### DATA EXCERPTS
++++++++++++++++++++

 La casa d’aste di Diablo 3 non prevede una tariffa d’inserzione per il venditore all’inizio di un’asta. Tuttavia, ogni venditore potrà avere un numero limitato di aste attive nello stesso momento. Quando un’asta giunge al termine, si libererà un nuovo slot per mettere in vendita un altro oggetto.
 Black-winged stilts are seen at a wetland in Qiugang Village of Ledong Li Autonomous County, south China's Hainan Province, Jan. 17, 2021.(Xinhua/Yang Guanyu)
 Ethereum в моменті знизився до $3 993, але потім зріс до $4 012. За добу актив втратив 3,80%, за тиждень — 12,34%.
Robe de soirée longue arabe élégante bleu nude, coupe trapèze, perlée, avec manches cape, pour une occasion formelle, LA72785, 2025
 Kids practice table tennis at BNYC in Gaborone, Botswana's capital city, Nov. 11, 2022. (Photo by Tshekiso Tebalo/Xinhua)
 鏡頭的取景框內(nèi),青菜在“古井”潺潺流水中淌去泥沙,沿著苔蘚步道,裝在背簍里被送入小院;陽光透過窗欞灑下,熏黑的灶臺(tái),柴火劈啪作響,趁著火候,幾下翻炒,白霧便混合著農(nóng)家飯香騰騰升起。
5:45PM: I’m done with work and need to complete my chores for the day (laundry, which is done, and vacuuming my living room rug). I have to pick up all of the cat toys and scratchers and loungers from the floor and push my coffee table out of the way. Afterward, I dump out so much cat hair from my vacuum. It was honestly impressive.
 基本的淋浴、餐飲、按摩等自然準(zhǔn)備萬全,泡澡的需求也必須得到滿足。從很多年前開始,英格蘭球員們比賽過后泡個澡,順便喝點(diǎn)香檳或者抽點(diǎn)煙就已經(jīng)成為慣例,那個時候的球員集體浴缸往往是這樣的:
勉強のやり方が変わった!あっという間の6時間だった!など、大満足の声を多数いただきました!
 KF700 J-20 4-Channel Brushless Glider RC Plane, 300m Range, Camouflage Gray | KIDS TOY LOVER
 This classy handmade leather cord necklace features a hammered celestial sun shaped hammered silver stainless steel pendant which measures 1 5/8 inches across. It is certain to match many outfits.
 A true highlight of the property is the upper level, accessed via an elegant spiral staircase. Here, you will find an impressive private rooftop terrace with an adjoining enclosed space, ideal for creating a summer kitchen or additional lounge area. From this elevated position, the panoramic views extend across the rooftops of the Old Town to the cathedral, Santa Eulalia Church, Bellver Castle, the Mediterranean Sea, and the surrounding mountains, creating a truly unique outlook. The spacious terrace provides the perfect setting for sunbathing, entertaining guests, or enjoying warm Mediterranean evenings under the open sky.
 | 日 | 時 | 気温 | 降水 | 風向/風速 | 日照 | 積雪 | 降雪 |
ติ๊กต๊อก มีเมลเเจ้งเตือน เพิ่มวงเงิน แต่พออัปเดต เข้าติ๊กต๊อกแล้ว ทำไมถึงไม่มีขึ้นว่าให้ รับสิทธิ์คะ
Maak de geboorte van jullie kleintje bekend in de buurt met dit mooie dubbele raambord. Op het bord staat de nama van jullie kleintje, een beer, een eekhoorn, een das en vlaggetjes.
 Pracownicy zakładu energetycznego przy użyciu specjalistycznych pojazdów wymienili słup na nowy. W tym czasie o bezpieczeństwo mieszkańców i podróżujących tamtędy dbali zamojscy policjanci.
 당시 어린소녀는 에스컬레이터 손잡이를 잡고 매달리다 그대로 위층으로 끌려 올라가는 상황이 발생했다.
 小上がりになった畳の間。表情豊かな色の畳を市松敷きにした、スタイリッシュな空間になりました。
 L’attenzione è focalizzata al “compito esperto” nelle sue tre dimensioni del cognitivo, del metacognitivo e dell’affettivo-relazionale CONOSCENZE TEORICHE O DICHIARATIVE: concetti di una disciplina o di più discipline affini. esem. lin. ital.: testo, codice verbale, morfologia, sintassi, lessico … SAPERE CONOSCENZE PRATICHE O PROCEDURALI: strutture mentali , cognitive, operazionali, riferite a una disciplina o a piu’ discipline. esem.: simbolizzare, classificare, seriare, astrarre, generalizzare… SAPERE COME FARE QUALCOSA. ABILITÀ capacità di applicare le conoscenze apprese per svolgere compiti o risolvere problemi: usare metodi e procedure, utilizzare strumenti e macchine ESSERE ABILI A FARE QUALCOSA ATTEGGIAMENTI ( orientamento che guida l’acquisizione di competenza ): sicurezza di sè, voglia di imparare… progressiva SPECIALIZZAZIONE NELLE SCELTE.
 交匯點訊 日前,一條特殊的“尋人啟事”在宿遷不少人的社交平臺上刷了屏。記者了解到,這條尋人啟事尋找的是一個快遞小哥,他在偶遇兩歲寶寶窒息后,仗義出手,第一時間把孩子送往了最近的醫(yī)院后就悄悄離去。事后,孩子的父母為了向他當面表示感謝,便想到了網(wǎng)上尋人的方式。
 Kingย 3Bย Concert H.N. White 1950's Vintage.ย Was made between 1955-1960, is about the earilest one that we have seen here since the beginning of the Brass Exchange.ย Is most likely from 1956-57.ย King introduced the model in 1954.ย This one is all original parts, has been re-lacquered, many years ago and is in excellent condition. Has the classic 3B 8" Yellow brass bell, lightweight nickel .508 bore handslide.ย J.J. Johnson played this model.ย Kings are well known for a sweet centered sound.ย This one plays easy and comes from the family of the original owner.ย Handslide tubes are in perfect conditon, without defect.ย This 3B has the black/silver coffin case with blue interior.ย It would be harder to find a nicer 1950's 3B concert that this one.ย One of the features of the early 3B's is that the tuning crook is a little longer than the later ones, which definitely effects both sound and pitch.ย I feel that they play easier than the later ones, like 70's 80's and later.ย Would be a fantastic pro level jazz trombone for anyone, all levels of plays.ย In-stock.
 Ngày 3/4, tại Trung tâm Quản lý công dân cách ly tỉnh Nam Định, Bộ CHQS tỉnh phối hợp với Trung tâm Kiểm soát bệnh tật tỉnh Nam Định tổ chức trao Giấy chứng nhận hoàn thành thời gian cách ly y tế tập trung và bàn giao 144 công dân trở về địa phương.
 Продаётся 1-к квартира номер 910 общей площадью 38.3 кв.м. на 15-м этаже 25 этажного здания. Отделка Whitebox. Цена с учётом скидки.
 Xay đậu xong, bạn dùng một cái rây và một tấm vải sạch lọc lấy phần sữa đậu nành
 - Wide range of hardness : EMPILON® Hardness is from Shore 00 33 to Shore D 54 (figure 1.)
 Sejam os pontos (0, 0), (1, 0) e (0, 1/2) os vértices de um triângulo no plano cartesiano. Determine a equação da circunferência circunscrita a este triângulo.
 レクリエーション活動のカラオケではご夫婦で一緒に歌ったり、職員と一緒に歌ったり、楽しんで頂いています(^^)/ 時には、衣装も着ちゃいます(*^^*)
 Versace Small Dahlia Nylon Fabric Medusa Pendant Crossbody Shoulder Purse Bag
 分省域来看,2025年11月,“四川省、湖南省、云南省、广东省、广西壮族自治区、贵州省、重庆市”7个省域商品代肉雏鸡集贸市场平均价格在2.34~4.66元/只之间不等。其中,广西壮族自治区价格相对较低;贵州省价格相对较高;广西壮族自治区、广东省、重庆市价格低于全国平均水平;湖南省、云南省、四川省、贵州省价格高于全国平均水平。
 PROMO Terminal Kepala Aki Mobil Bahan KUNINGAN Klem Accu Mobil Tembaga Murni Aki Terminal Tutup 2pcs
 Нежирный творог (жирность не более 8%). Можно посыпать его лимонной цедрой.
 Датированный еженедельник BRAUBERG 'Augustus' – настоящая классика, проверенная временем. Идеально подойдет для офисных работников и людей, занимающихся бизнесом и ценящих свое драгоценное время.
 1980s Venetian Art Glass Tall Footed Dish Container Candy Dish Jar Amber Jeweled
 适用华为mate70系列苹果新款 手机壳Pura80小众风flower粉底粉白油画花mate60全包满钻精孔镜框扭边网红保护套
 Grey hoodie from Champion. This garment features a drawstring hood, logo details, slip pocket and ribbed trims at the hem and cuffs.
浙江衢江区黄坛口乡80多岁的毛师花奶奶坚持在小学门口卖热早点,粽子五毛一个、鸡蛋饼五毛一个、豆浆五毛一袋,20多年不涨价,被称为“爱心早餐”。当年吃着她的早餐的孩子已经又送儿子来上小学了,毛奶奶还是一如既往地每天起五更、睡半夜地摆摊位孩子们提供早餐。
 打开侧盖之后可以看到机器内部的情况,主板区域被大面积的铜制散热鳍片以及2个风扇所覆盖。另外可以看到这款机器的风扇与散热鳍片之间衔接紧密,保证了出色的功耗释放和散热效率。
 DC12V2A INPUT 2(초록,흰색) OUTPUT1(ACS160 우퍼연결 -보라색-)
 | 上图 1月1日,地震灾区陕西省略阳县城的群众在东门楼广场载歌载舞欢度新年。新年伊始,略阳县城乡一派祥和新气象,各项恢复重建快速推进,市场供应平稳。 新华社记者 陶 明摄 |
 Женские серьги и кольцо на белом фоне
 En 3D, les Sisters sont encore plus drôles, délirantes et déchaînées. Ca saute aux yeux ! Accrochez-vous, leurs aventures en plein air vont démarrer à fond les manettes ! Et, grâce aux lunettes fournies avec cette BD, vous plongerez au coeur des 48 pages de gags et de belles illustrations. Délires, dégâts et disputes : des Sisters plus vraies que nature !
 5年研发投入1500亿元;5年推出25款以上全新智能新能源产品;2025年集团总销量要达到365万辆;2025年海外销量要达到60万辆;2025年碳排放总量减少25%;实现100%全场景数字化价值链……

++++++++++++++++++++

### INSTRUCTIONS FOR THE TASK
All lines from the one containing "Женские серьги и кольцо на белом фоне" through the final line of the records above are to be set down exactly, and no other line is to appear.

### SOLUTION FOR THIS TASK
 Женские серьги и кольцо на белом фоне
 En 3D, les Sisters sont encore plus drôles, délirantes et déchaînées. Ca saute aux yeux ! Accrochez-vous, leurs aventures en plein air vont démarrer à fond les manettes ! Et, grâce aux lunettes fournies avec cette BD, vous plongerez au coeur des 48 pages de gags et de belles illustrations. Délires, dégâts et disputes : des Sisters plus vraies que nature !
 5年研发投入1500亿元;5年推出25款以上全新智能新能源产品;2025年集团总销量要达到365万辆;2025年海外销量要达到60万辆;2025年碳排放总量减少25%;实现100%全场景数字化价值链……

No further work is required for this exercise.